Meskipun fenomena apartemen 'hantu' semakin marak ditemukan, tidak berarti kondisi pasar perumahan di Indonesia semakin terjangkau.
Hal ini mengingat apartemen mewah yang harganya turun tersebut hanya 1% atau sekitar 2.000 unit dari total unit yang tersedia mencapai 200.000 unit. Selain itu di Indonesia sendiri jumlah apartemen jauh lebih sedikit dibandingkan dengan jumlah rumah.
Berbanding terbalik dengan fenomena apartemen 'hantu', Bank Indonesia (BI) kembali melaporkan kenaikan harga properti residensial pada kuartal IV-2021 dengan laju yang lebih cepat dari kuartal sebelumnya.
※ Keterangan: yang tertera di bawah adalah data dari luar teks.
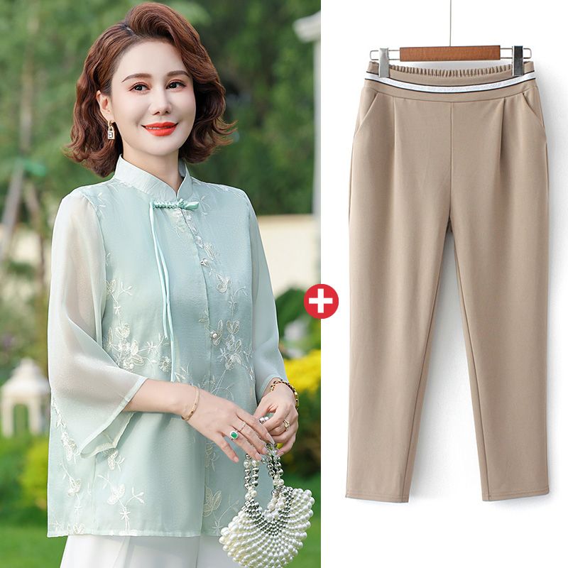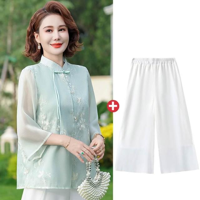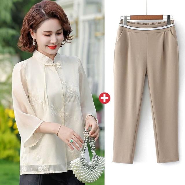輕氧❤️ 年輕媽媽裝中國風雪紡衫七分袖薄款洋氣中老年女裝上衣服刺繡小衫 088
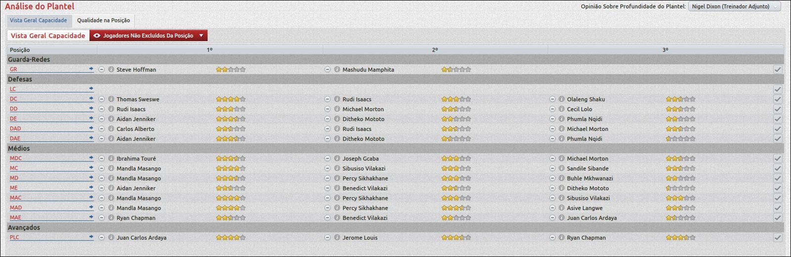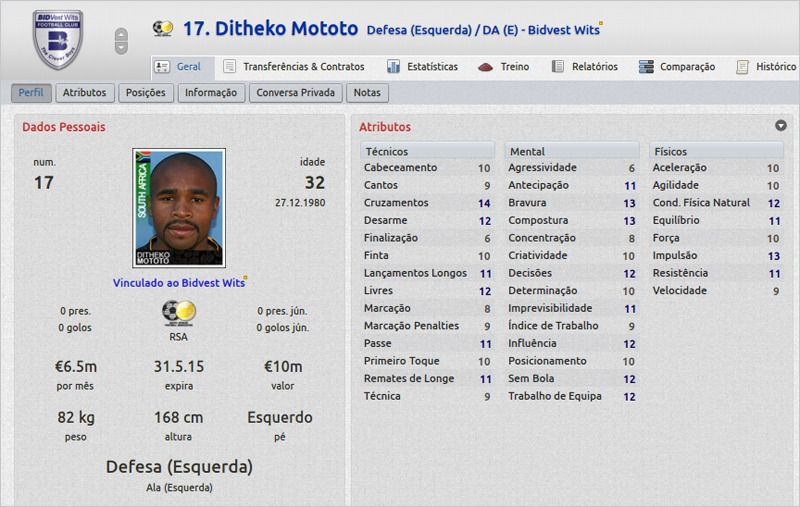 Perdemos três jogadores por aposentadoria: o Baron e o Marlin, ambos goleiros; e o driblador Ngwenya, que deixou o futebol com 32 anos. Isso nos pegou de surpresa, principalmente no que refere aos arqueiros. Felizmente, já vínhamos dando oportunidade ao Hoffman, e já fechamos com um goleiro reserva.

"Hasil Survei Harga Properti Residensial (SHPR) Bank Indonesia mengindikasikan harga properti residensial di pasar primer secara tahunan tumbuh meningkat pada triwulan IV 2021.
Pertumbuhan Indeks Harga Properti Residensial (IHPR) triwulan IV 2021 tercatat 1,47% (yoy), lebih tinggi dibandingkan dengan pertumbuhan pada triwulan sebelumnya sebesar 1,41% (yoy).
Harga properti residensial primer diprakirakan akan tumbuh lebih terbatas pada triwulan I 2022 sebesar 1,29% (yoy)," ungkap keterangan tertulis BI yang dirilis Rabu (16/2/2022).
Kenaikan ini terjadi karena penjualan pada kuartal IV tahun lalu membaik dari penyusutan 15,19% (yoy) pada triwulan sebelumnya. Sedangkan secara tahunan (yoy), penjualan kuartal terakhir tahun lalu sebenarnya masih mengalami kontraksi 11,60%, ungkap Bank Indonesia.
Berdasarkan sumber pembiayaan, hasil survei menunjukkan bahwa pengembang masih mengandalkan pembiayaan yang berasal dari nonperbankan untuk pembangunan properti residensial.
Survei tersebut juga mengungkapkan pada triwulan IV 2021, sebesar 63,33% dari total kebutuhan modal pembangunan proyek perumahan berasal dari dana internal.
Sementara itu, dari sisi konsumen, pembiayaan perbankan dengan fasilitas KPR masih menjadi pilihan utama konsumen dalam pembelian properti residensial dengan pangsa mencapai 75,65% dari total pembiayaan.